Luckily, it’s not too hard to discover what specific journals want. They all have detailed instructions to authors on their websites that cover everything from the audience to word limits. And another way to glean this information, of course, is to read the abstracts or full text of several recent papers.
As an example of what I’m talking about, consider these excerpts from the websites of three journals that accept manuscripts in computational biology:
PLoS Biology features works of exceptional significance, originality, and relevance in all areas of biological science, from molecules to ecosystems, including works at the interface of other disciplines, such as chemistry, medicine, and mathematics.

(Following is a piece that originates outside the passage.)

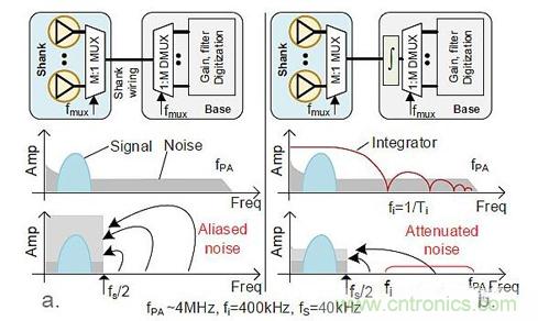 神經(jīng)探針的信號(hào)帶寬約為7.5kHz,可以采用15kHz對(duì)PA輸出采樣。設(shè)計(jì)人員發(fā)現(xiàn)可以將時(shí)分復(fù)用技術(shù)嵌入柄中(圖4a)。這樣做可以使每個(gè)獨(dú)特的柄線上有M個(gè)PA輸出。如果沒(méi)有加抗混疊濾波器進(jìn)行限制,則PA帶寬會(huì)由于折疊而產(chǎn)生帶內(nèi)噪聲。在采樣發(fā)生之前,將低通濾波器裝入這個(gè)小PA區(qū)域是不可能的。設(shè)計(jì)人員選擇使用能夠在Ti時(shí)間段對(duì)信號(hào)進(jìn)行積分的架構(gòu)(圖4b)來(lái)衰減超出采樣頻率fi的信號(hào),從而提高信噪比(SNR)。
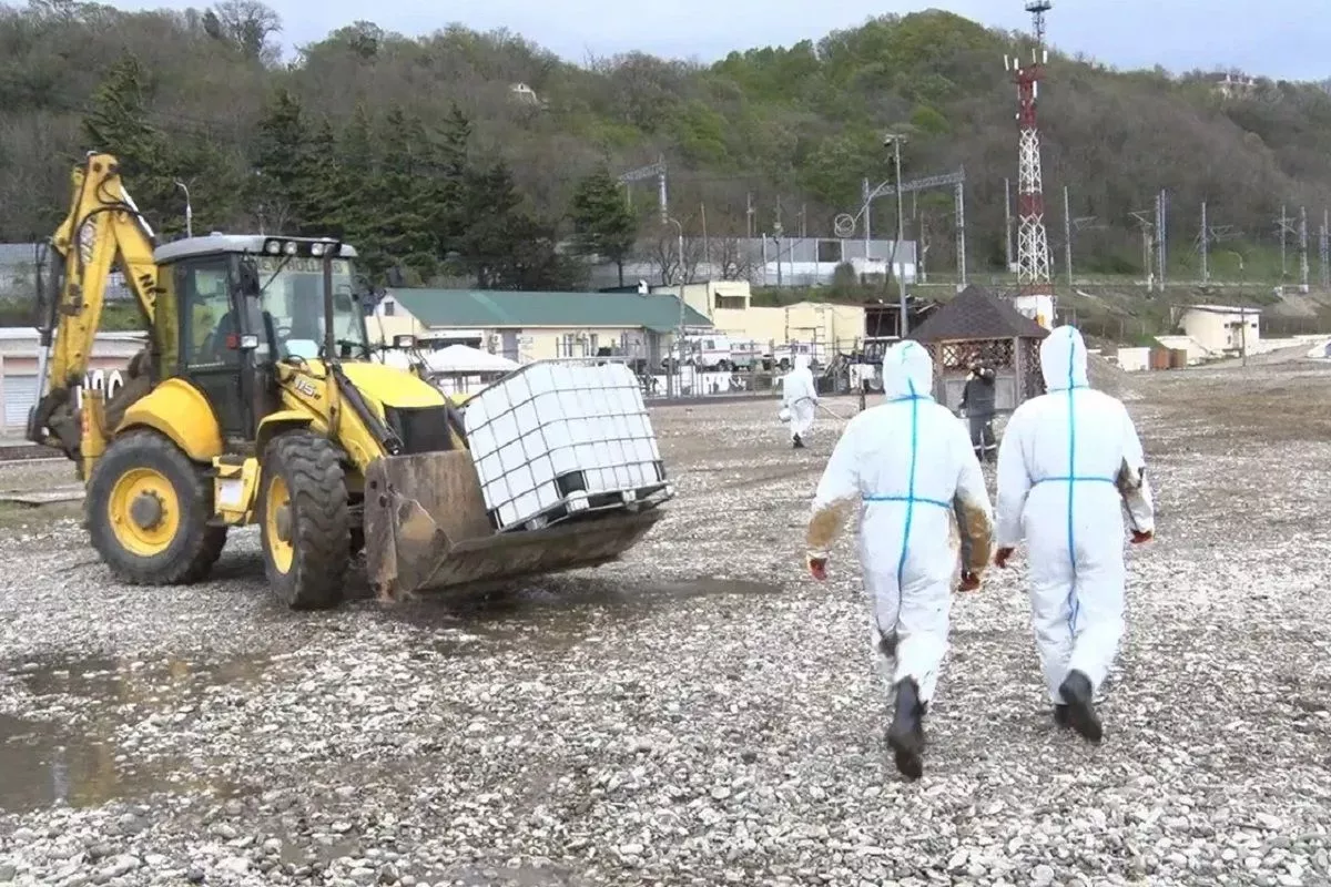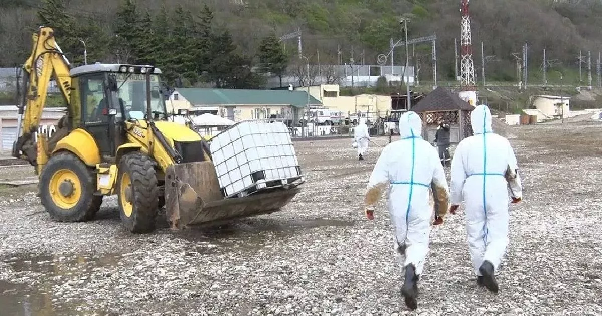 Загрязнение убирают ниже по течению реки, а также в акватории и на берегу Черного моря. К работам привлечено 120 человек, 20 единиц техники и 2 плавсредства и 4 нефтесборные установки.

Our audience is the international scientific community as well as educators, policy makers, patient advocacy groups, and interested members of the public around the world.
Molecular Biology and Evolution welcomes manuscripts reporting both empirical and theoretical work, as well as significant new statistical and computational methods. All work must have a solid biological basis…MBE will only publish work focused on taxonomy and systematics or descriptive studies of genetic diversity and population structure, if they are of interest and relevance to a broad audience.
Bioinformatics provides a forum for the exchange of information in the fields of computational molecular biology and post-genome bioinformatics, with emphasis on the documentation of new algorithms and databases that allows the progress of bioinformatics and biomedical research in a significant manner.
What I can deduce immediately is that PLoS Biology looks for research of the broadest possible significance; Molecular Biology and Evolution also strongly emphasizes biological relevance but perhaps isn’t trying to reach quite as wide an audience as PLoS Biology; while papers submitted to Bioinformatics can – and possibly should – focus more on methods. In other words, although each journal accepts computational biology manuscripts, they all have different audiences and emphases that you need to pay attention to when writing. This is especially true when you’re setting up for readers the larger context for your work – why it’s important and what your findings mean.
That’s not to say you should inflate the importance of your results in an effort to please a certain journal. What you should do, though, is identify your audience ahead of time (both the journal editors and the scientists/readers they represent), and then think about how to best reach them.